The government has made a scheme to nurture Pangyo and Sangam areas as “Asia’s Silicon Valley” by creating hubs for start-ups and cultural contents. The project will require 80 trillion won (60.6 billion U.S. dollars) of investment, which amounts to 1/3 of this year’s total policy funds budget. The plan includes creating 760,000 jobs in the bio health sector by attracting more foreign patients and promoting exports of Korean medicine and telemedicine.

Six government departments including the Ministry of Science, ICT, and Future Planning, the Ministry of Culture, Sports, and Tourism, the Financial Supervisory Commission, the Ministry of Trade, Industry and Energy, the Ministry of Welfare, and the Korea Communications Commission reported the scheme to President Park Geun-hye on Monday. The goal of the project is to create new growth engines through pursuing creative economy and cultural enrichment, especially by expanding core industries of our economy to cover the culture and bio health sectors and encouraging start-ups.

In Pangyo area, located in Seongnam, Gyeonggi province, the “Startup Campus” and other facilities will be established to support promising start-ups and help them enter overseas markets. Creative economy innovation centers will serve as a bridge where conglomerates and smaller businesses cooperate in breeding the so-called “unicorn companies” that produce more than 1 trillion won (82.54 million dollars) worth of revenue.

On the other hand, Sangam area in Mapo-gu, Seoul, will become a hub of digital cultural contents by converging culture and ICT. Creative cultural contents in games, webtoons, movies, animations, etc., are expected to be born one after another using state-of-the-art technologies, such as VR and AR.

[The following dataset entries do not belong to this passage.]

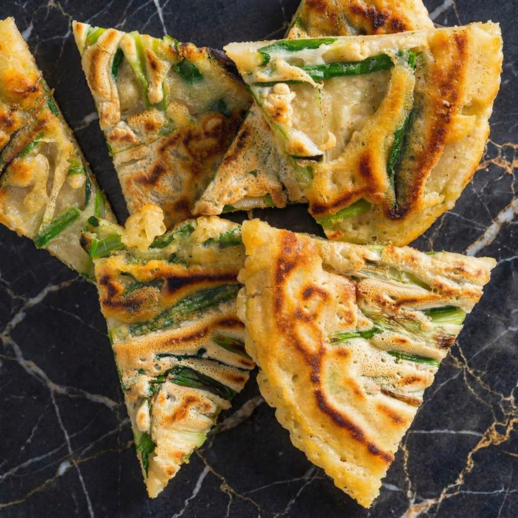 Pajeon is Korea’s answer to the pancake question—and it’s not sweet. It’s savory, crispy, packed with fresh scallions, and served with a tangy soy dipping sauce that makes every bite sing. It’s the kind of food that brings people to the table, perfect for sharing, and dangerously easy to eat.
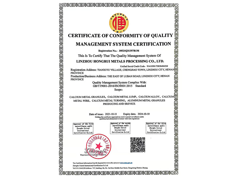 质量管理体系认证证书英文版
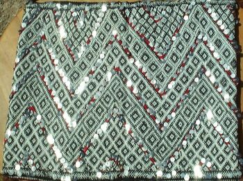 Piece 3.6039 is a pillow with an overall zig-zag design in black and white with red accents, trimmed with sequins. You can see the excellent weaving in this close-up. The back is plain red, except for a bit of the design that has run over. It measures about 1'6" x 1'10" (46 x 56cm) and costs $60.
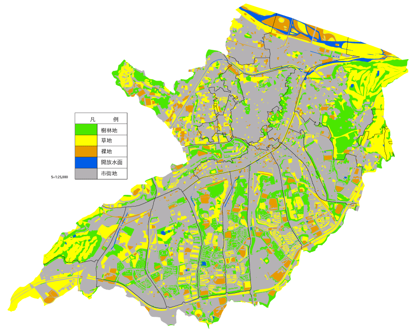 緑被地とは、樹林地、草地(農耕地を含む)、裸地(学校のグランド等、緑で覆われていなくても自然的環境の状態にある土地)及び開放水面を含む水辺地を総称した名称です。また、これらの場所が地域面積に占める割合を緑被地率といいます。

The Ministry of Welfare plans to increase the number of incoming medical tourists from 280,000 now to 400,000 annually, expand the number of hospitals doing business abroad to 155, and start pilot projects for telemedicine in Peru and China. The plan includes raising 150 billion won (12.3 million dollars) as a global healthcare fund to foster bio medicine businesses that export technologies to the world.

The Financial Services Commission plans to invest a total of 80 trillion won (60.6 million dollars) , of which 72.4 trillion won will go to promoting creative economy and 7.2 trillion to cultural enrichment projects. The creative economy sector includes ICT convergence such as smart cars, bio health industries represented by robotic surgery technology, and the energy sector, particularly electric cars.